Após fim de semana tão favorável, será que segunda-feira, nas bolsas, as empresas de comunicação estarão com as cotações em alta? E as vendas e audiências vão recuperar? Ou estará tudo na mesma? Ou vão continuar em queda?

Repare-se como passámos a manhã de sexta suspensos na dúvida sobre onde aterraria o avião que trazia o Papa Francisco: se em Monte Real, se em Figo Maduro. Primeiro seria em Leiria, depois em Lisboa, depois retomou o programa inicial, que o mau tempo dissipara-se.

Esta informação, que mais não seria do que um pormenor, tornou-se ela própria notícia de primeira importância a alimentar expectativas. Com a avalancha da informação, com a necessidade e espaço para se contar tudo, qualquer nota de pé de página ganha estatuto de notícia. O que, há poucos anos, era noticiado num parágrafo secundário, apenas dado para mostrar que se estava atento a tudo o que se passava, e que a informação era dada na totalidade, é hoje título difundido com grandes letras e muitos decibéis.

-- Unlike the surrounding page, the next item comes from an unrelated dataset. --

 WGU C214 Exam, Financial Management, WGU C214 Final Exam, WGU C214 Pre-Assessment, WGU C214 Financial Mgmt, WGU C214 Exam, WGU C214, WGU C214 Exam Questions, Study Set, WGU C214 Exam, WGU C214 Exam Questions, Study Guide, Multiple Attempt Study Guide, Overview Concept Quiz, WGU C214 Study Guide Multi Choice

Isto não desvaloriza a informação? A história do Pedro e do lobo vem a despropósito?

Pode dizer-se que televisões, rádios e jornais divulgam o que as pessoas querem saber. É parcialmente verdade. Se não houvesse quem quisesse ver, ouvir ou ler onde pousaria o Papa, não haveria quem se obstinasse a atualizar o destino ao minuto. Mas também é verdade que cabe aos órgãos de comunicação social divulgarem as informações de acordo com a sua importância relativa. Não é sério querer passar a ética para o lado do consumidor.

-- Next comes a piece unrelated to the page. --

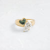 The Heart to Heart Collection was designed for Mother’s Day, capturing the beauty of connection. This Heart to Heart Ring features a green heart cut diamond in a slender bezel setting gently overlapping a white pear cut diamond. The tandem focal stones rest on a wide, round band of 14k yellow gold that tapers as it wraps behind your finger. Both focal stones break the frame of the band, the heart cresting above and the pear dipping below. This dynamic setting and the slight overlap of the focal stones bring a delicate depth to the composition and add dimension to this design. Our commitment to high quality craftsmanship means this slender bezel setting beautifully navigates from curves to angles. The Heart to Heart Collection began as a personal project: a duo of complementary heart cut stud earrings designed by founder Melanie Casey when her daughter asked for "matching heart earrings" for her sixth birthday. This Mother’s Day drop grew from Melanie’s inspiration, becoming the collection of earrings, necklaces, and rings you see today. Carry the special bond between you and your little one with a sentimental future heirloom. Pair your Heart to Heart Ring with a set of Heart to Heart Bezel Studs, Green Diamond for your child.

Como atua a Comunicação Social determina a importância que acaba por ser dada a cada acontecimento. Um exemplo? O Caso Maddie: quantas crianças desaparecem e quantas tiveram (e têm) aquela cobertura mediática? Há milhares e nenhuma outra a teve. A menina inglesa chegou aos placards dos estádios de futebol.

Jornais, rádios , televisões e net pegam num tema, começam a gritá-lo e, de repente, o que era um caso local transforma-se numa questão nacional. Mas afinal onde acabaria por aterrar o Papa? E será que Luisão vai ultrapassar Eusébio e Coluna em títulos? E Néne? E porque será que “Salvador não tem planos para depois”? Pobre Salvador Sobral, que aparenta querer ser comedido e não o deixam.

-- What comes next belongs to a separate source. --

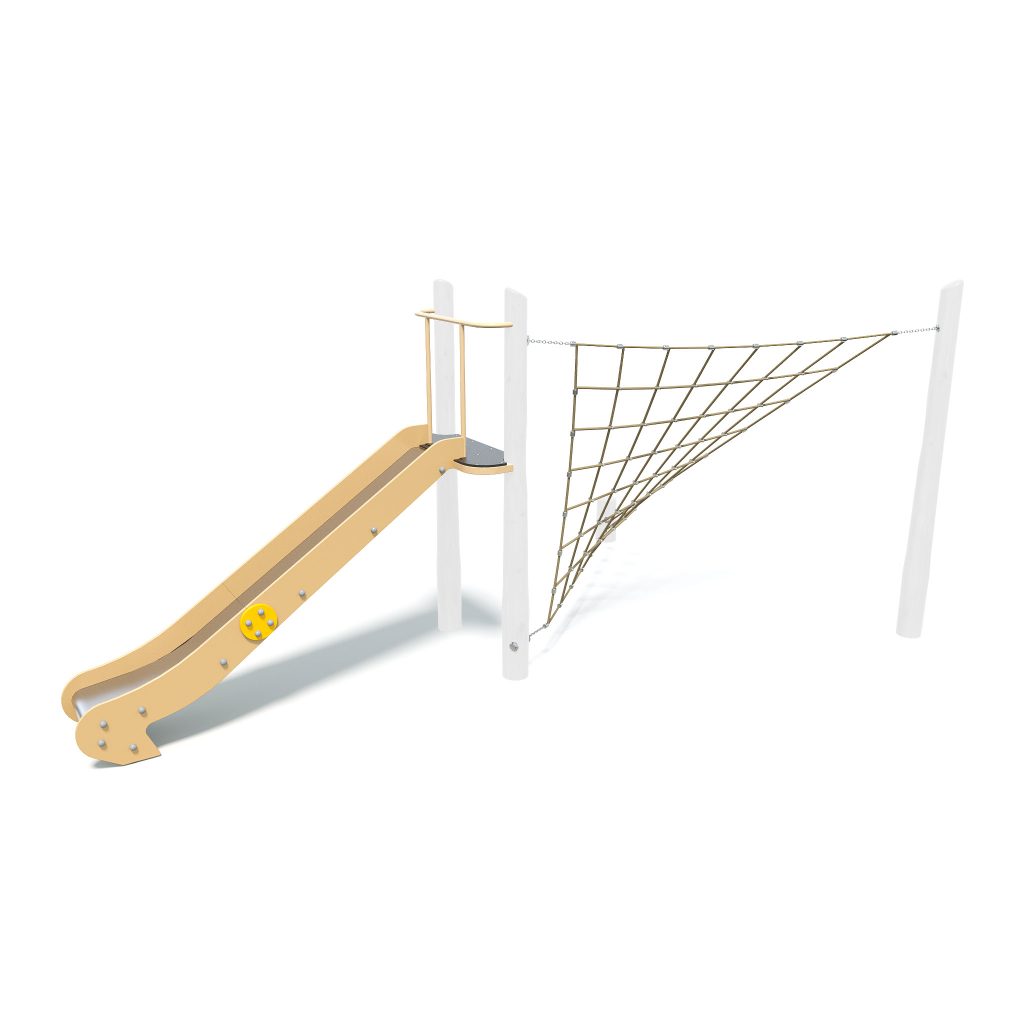 Natural Slide with Twisted Tri introduces a unique climbing and sliding experience. This timber and net structure blends physical challenges with creative play opportunities.

Se é preciso valorizar o assunto, a receita é conhecida: fazer umas tantas reportagens sobre temas relacionados (por exemplo: ainda há pastores em Fátima?) e organizar mesas redondas com comentadores conhecidos. Uns novos ângulos de análise alternativa e a coisa torna-se empolgante. Já houve quem teorizasse que o poder da comunicação social vem mais da escolha que faz sobre o que publica e não publica – e do destaque que lhe atribui – do que do conteúdo e orientação que dá à informação (Alain de Botton: As notícias, manual de utilização).

Vemos as notícias porque tememos que alguma coisa importante esteja a acontecer sem que o saibamos. Mas quando o que têm para nos dizer é onde vai aterrar o Papa por causa dos ventos ou que o nosso Salvador ainda não tem projetos caso vença – então é a desilusão. E que dizer do interesse dos inúmeros “inquéritos de rua”, em que se pergunta a incautos transeuntes o que pensam do Papa, de Fátima, do ponta-de-lança do Benfica, do guarda-redes do Guimarães ou mesmo da letra do “Amor pelos dois”?

- Vem de onde? E diga-nos lá: este é o Papa de que o mundo precisa? Este é o treinador que o Benfica deve ter? Esta é a canção que nos representa?

- Bom, eu… - o que disser não interessa nada, o importante é que o espaço está preenchido.

Uma vez mais: que tem a história do Pedro e do lobo com os órgãos de informação? Um não foi salvo quando precisava; os outros tanto se banalizam que estão a caminho de nos deixarem indiferentes.